The soil moisture content is one of the most important and dynamic factors determining soil resistance to wind erosion, because it affects threshold wind velocities for particle detachment. Presence or absence of moisture in the soil should therefore, be included in wind erosion risk assessments. In order to include soil moisture conditions into the wind data analysis, a sub-model was developed to separate wet and dry periods in weather time series. Weather data and soil moisture content collected during one year in Foulum were used to calibrate the model.
The reason why soil moisture conditions were considered for the wind data analysis was the theory that using wind data for calculation of wind frequency distributions regardless of the status of soil moisture would lead to an overestimation of wind erosion. To confirm or reject this hypothesis, the frequency distribution of wind velocity in conventional method (all-times) and proposed method (dry-times) was compared by using the pairwise Wilcoxon test. The results showed that in 99.6% and 97.1% of tests the difference between two distributions were significant at 99% confidence level for Denmark and Switzerland respectively. Change detection analysis of wind erosivity maps, revealed that 56.02% and 30.63% of the territory of Denmark and Switzerland experience an overestimation of wind erosivity, if the conventional approach would be used. However, underestimation was also observes in considerable parts of these countries, but almost all of these areas were located in regions, which are not prone to wind erosion.

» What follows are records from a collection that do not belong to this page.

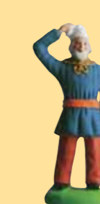
Homme aux fruits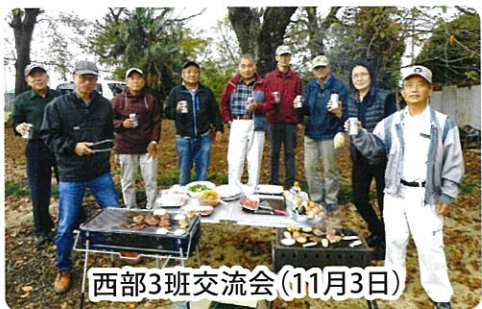
西部3班交流会(11月3日)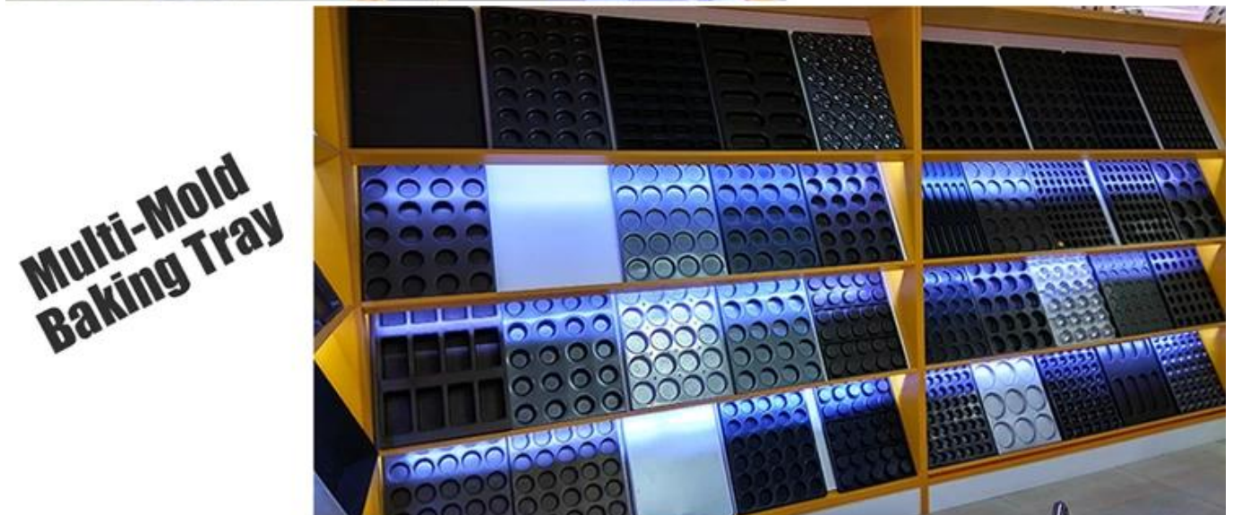
Multi-Mold Baking Tray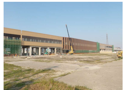
写真3-② 外部足場解体状況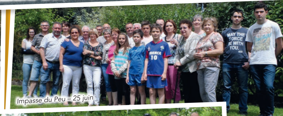
Impasse du Peu - 25 juin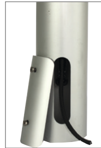
Typ HDKA-G, Alu Masttür mit 2 Sicherungsschrauben für innen liegende Seilführung bei H-DKA-G.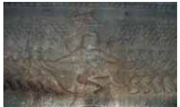
图8 东壁的搅乳海图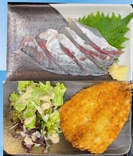
活アジランチ(刺・揚)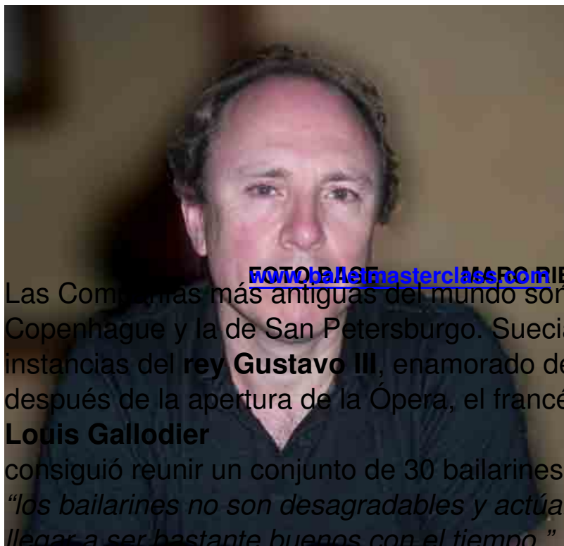
FOTOBASE masterclass.com MARC RIBAUD

Las Compañías más antiguas del mundo son tres: la de París, la de Copenhague y la de San Petersburgo. Suecia se incorpora en 1773 a instancias del rey Gustavo III , enamorado del ballet. Sólo unos meses después de la apertura de la Ópera, el francés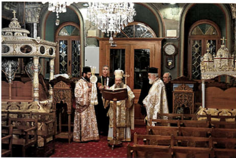
«Ἠγέρθη, οὐκ ἔστιν ὥδτε» (Μάρκ. 1στ'. 6).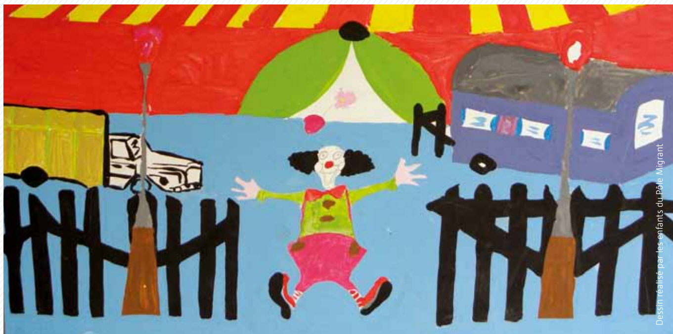
Dessin réalisé par les enfants du Pôle Migrant

Le 14 janvier 2013, nous avons reçu l'arrêté de la DGAS portant autorisation de création de 7 places d'accueil pour les femmes enceintes, les mères isolées et les parents d'enfants de moins de 3 ans. Cette nouvelle structure s'est ouverte en avril 2013.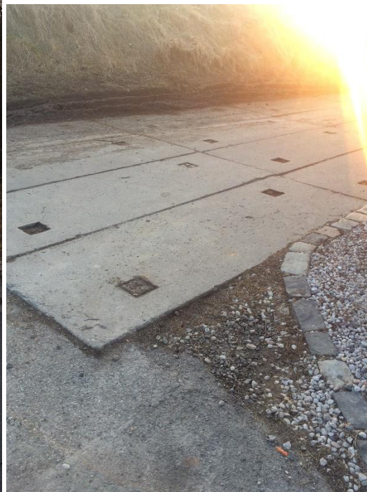
Obr.69 Ulice Pod Mohylou – křižovatka s ulicí Huberova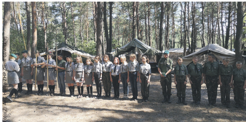
Jeden z obozów Hufca ZHP Ziemi Gliwickiej odbywał się w Podlesicach, gdzie harcerze mieli okazję poznać uroki Jury Krakowsko-Częstochowskiej.

Zuchy i harcerze z Hufca ZHP Ziemi Gliwickiej po raz kolejny udowodnili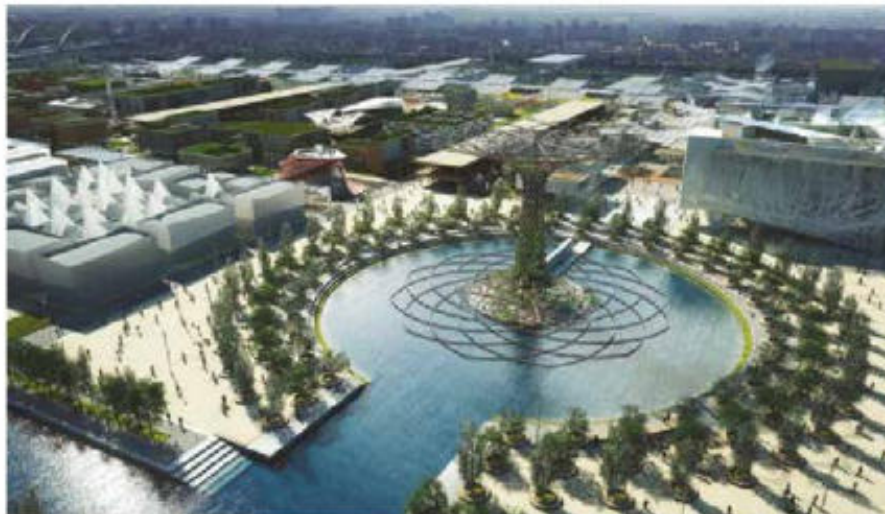
L'exposition universelle de Milan (maquette)

Le jumelage avec la commune italienne de Merone écrit un nouveau chapitre avec un grand week-end italien. Un bus prendra le départ le vendredi 4 septembre 2015 en fin de journée pour nous permettre :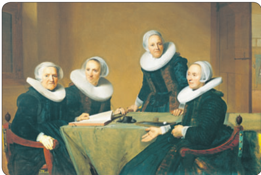
'De regentessen van het Sint Elisabeths Gasthuys' van Johannes Verspronck

'De regentessen van het Sint Elisabeths Gasthuys' van Frans Decker is vrijdag 15 maart officieel door het Elisabeth Thüringfonds geschonken aan het Frans Hals Museum. Qua compositie is dit schilderij waarschijnlijk gebaseerd op het schilderij van Johannes Verspronck. Beide regentenstukken zijn van via bruikleen museaal bezit geworden.'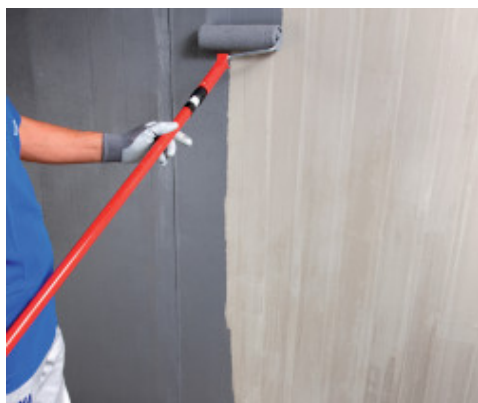
Applicazione di Eco Prim Grip Plus a rullo su supporto in calcestruzzo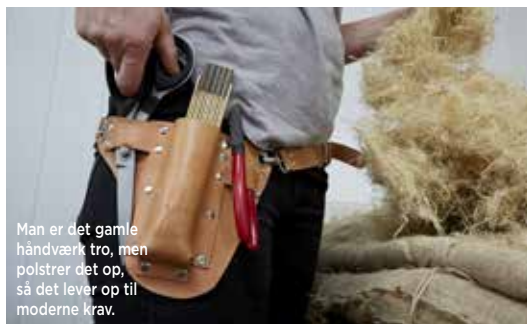
Man er det gamle håndværk tro, men polstrer det op, så det lever op til moderne krav.

Nye ejere med stor erfaring overtager kendt møbelpolstringsforretning i Charlottenlund. Her får kendte møbelklassikere nyt liv med kvalitetsmaterialer udført med stor passion til det gamle håndværk.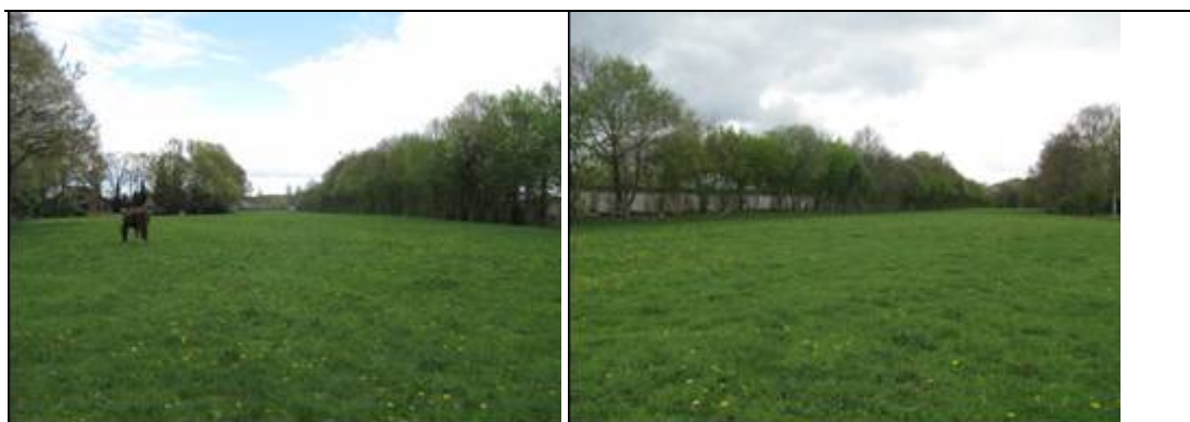
Figuur 2.2 Impressie van het plangebied.

Het plangebied ligt in een hoek tegen de snelweg A30 en de Thorbeckelaan aan. Het gebied bestaat op dit moment uit (agrarische) bebouwing en bijbehorende gronden. Aan de west- en noordzijde van het gebied bevindt zich een bomenrij met ondermeer Zomereik, Es, Meidoorn en Els, met onderlangs een kleine sloot. Aan de zuidzijde bevindt zich kleinschaliger agrarisch gebied. Enkele bomenrijen en kleinschalige paardenweiden typeren de zuidzijde van het plangebied.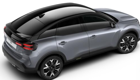
Gris Mercury – toit Noir Perla Nera (○)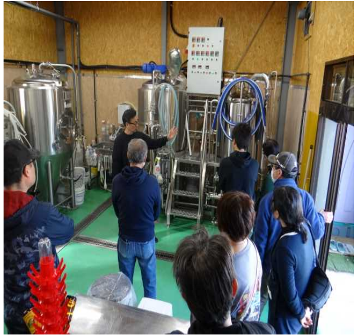
ビール醸造所を訪問した受講生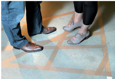
<In der Fabrikationshalle stehen für einmal schicke Schuhe.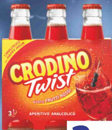
Aperitivo analcolico Crodino Twist vari tipi cl 17,5x3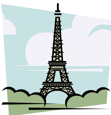
FIGURA 1 – TORRE EIFFEL, EM PARIS.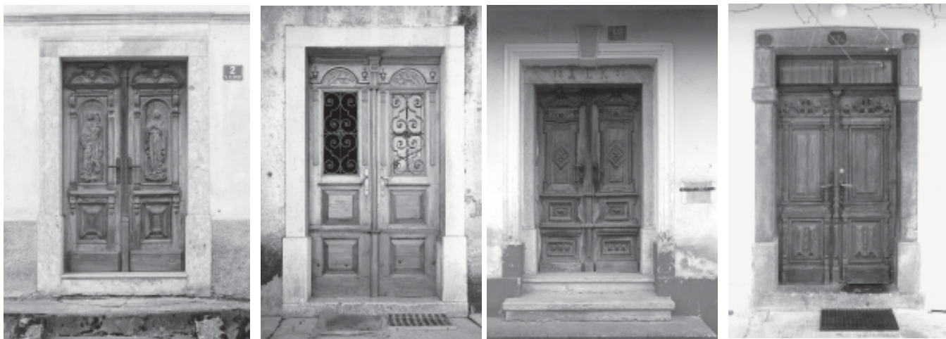
□ DOMAČI REZBARJI SO PRI OBLIKOVANJU VRATNIH KRIL POSNEVALI VZORE PRI VODILNIH NOSILCIH RAZVOJA. "NA POLJIH (VRATNIH POLNILIH) SE NENADOMA POJAVIJO POVSEM DRUGI MOTIVI, KI POSNEMAJO PODOBNE OKRASKE, KOT JIH JE VIDEL (REZBAR) V CERKVI NA BAROČNIH IN ZLATIH OLTARIJAH, NEKOLIKO NESPRETNO REZJANI GRIFONI, KI IZVIRAJO PRAV TAKO IZ VZOROV, KI JIH JE VIDEL V CERKVI, TER LETNICA V BOGATEM RASTLINSKEM OKVIRU" (FISTER, M., REZJANA VRATA V TUHINSKI DOLINI, KAMNIK, 1971, STR. 5). KONČNI IZDELEK, OBDELAVA VRATNIH KRIL, PA JE BIL SEVEDA ODVISEN OD REZBARSKIH IN UMETNIŠKIH SPOSOBNOSTI IZVAJALCA IN ŽELJA IN FINANČNIH MOŽNOSTI NAROČNIKA

Oblikovani in okrašeni leseni členi fasadnih odprtin sicer sooblikujejo zunanjo podobo fasadnih ploskev posameznih stavb, vendar je njihov likovni vpliv na oblikovanje razpoznavnih značilnosti arhitekturnega oblikovanja po posameznih območjih manjši, kot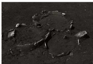
SK108確認状況（2）（東から）拡大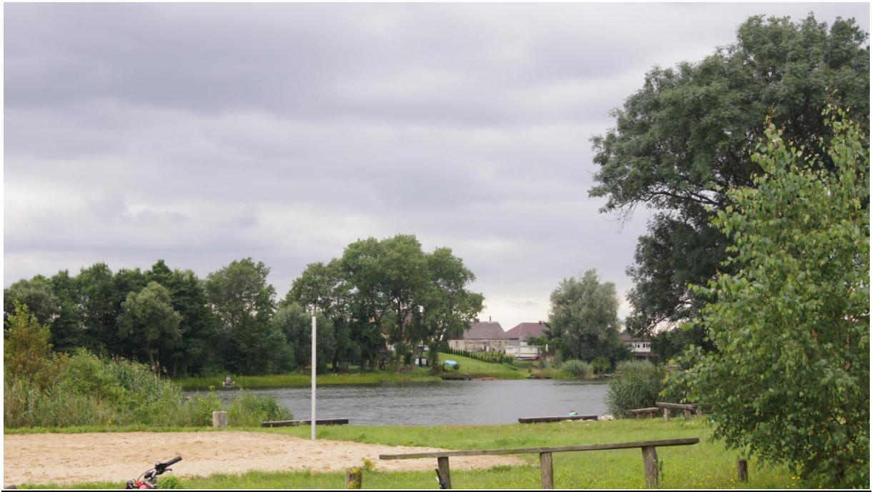
Plaża w Czarmuniu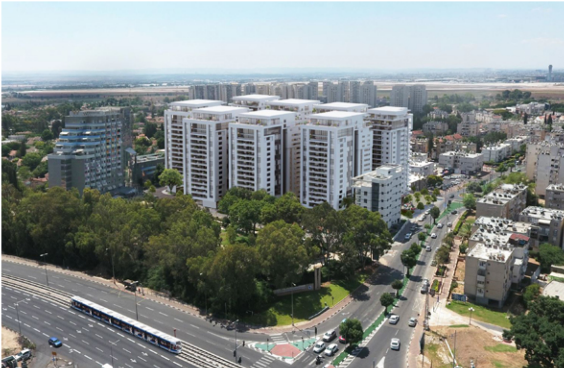
הדמיית הפרויקט באור יהודה, קרדיט: צפור אדריכלים ומתכנני ערים

התוכנית קודמה על ידי עיריית אור יהודה, באמצעות צפור אדריכלים ומתכנני ערים ובניהול אדר' גלי דולב מחברת וקסמן גוברין גבע. במהלך הכנת התוכנית נערכו על ידי צוות התכנון ונציגי העירייה כנסים לשיתוף הציבור, וכן נערך סקר למיפוי מאפייני וצורכי האוכלוסייה בשכונה.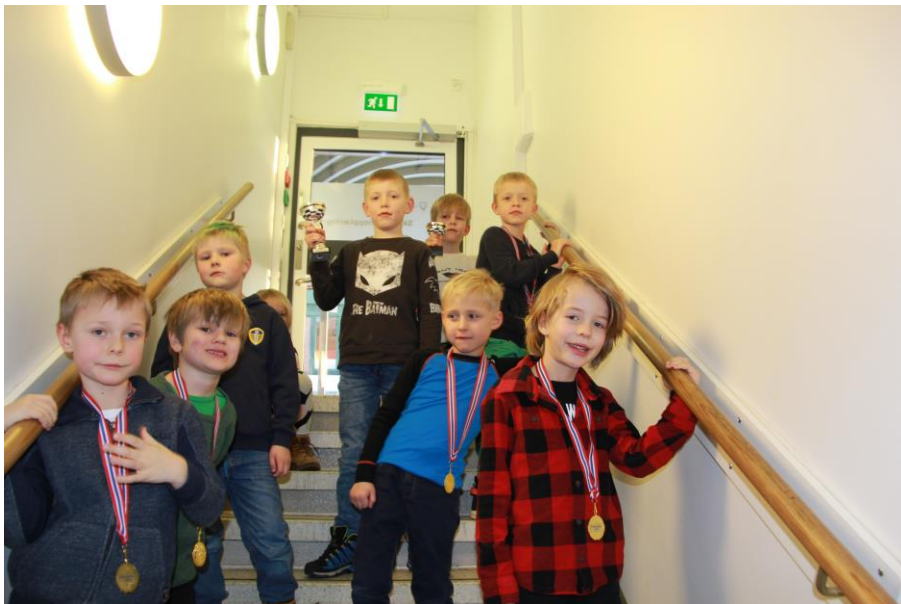
Deltakerne i Begynner 1 klassen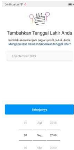
Gambar 2.6 Pengisian pada Halaman Tanggal dan Tahun Lahir

Selanjutnya Instagram akan meminta untuk memasukkan tanggal lahir. Silahkan isikan tanggal dan tahun lahir di kolom yang tersedia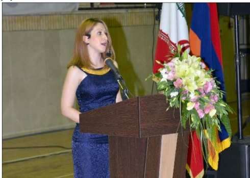
Սպահանի հայոց թեմի Թեմական

խորհրդի նախաձեռնութեամբ կազմակերպւած այս միջոցաւմանը ներկայ էին նաեւ թեմակալ առաջնորդ գերշ. Տ. Բարգէն արք. Չարեանը, Իրանում Հայաստանի արտակարգ եւ լիազօր դեսպան Արտաշէս Թումանեանը, դեսպանատան պաշտօնատարներ, Շահինշահրի հայ համայնքի հոգեւոր տեսուչ հոգշ. Տ. Անանիա վրդ. Գունանեանը, քահանայից դասը եւ ազգային մարմինների ու շրջանի Հայ Դատի յանձնախմբի անդամներ: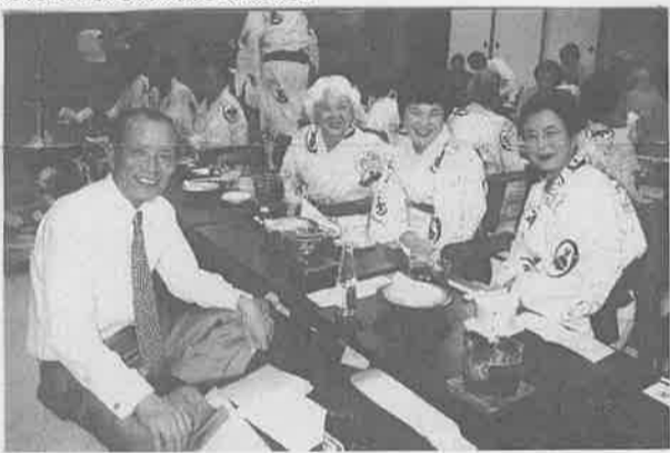
写真は、平成9年7月三朝温泉齊木別館で、東京鳥取県人会の夫人たちと談笑する西尾知事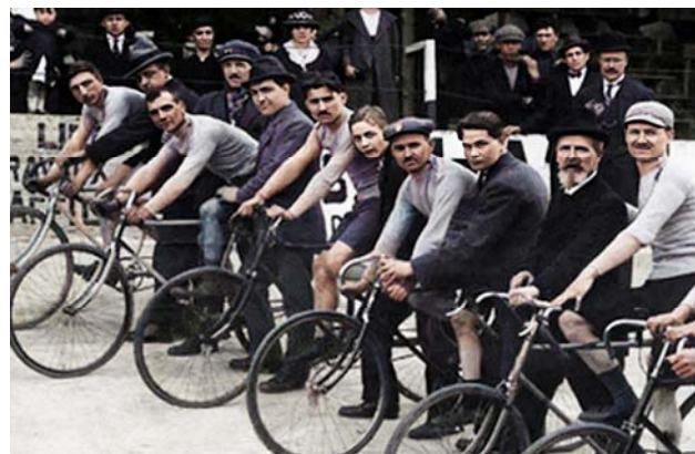
En av cykeltävlingarna som vanns av det franska laget

Frankrike sopade också med sig alla tre guldmedaljerna i cykling, den enda guldmedaljen i skytte, en av de två guldmedaljerna i tennis och vann fotbollsturneringen.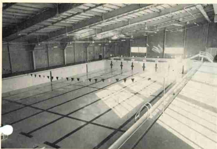
明るく楽しい雰囲気のある室内温水プール。開館はもうすぐです

プールの名称は「登別市民プール」といい、登別市と勤労者の福祉事業を行なっている雇用促進事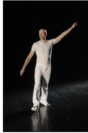
"Katema" von Lucinda Childs; Ty Boomershine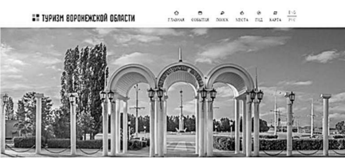
ТУРИСТСКИЙ ИНФОРМАЦИОННЫЙ ПОРТАЛ ВОРОНЕЖСКОЙ ОБЛАСТИ VISIT VORONEZH

С 20 января он начнёт работать в Интернете в тестовом режиме. Его адрес - visitvorn.ru. Портал VisitVoronezh аккумулирует в себе всю информацию о туристском потенциале нашего региона – будут здесь, помимо прочего, и новости, и маршруты, и фотографии, и советы, и конкурсы. Сайт, разработанный для продвижения туристского потенциала области на внутреннем межрегиональном и международном рынках, содержит ряд популярных туристских маршрутов, а также актуализированную информацию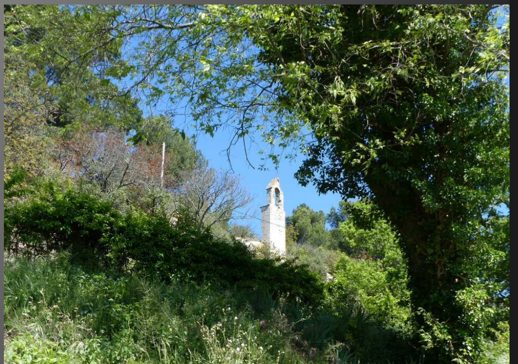
ABBAYE SAINT-PIERRE-DES-CANONS _ Un coup d'œil à l'oratoire gothique de l'ancien ermitage qui se dresse sur les hauteurs.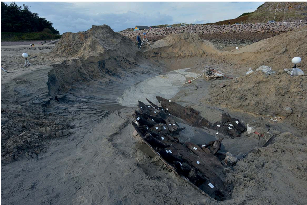
Fig. 4 – Les stations laser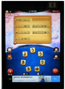
文字を繋ぎ言葉を作る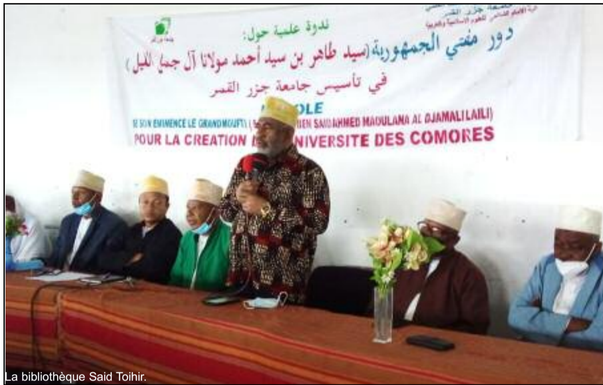
La bibliothèque Saïd Tohir.

To investigate the impact of climate change on various wind factors, the Mann-Kendall trend test and the Sen’s slope estimator method for detecting the trend and estimating its magnitude were used. The results revealed that, in general, most wind factors experience a slightly decreasing trend in both countries. The median of trends of each input factor was considered to assess the impact of climate change on wind erosion risk modeling.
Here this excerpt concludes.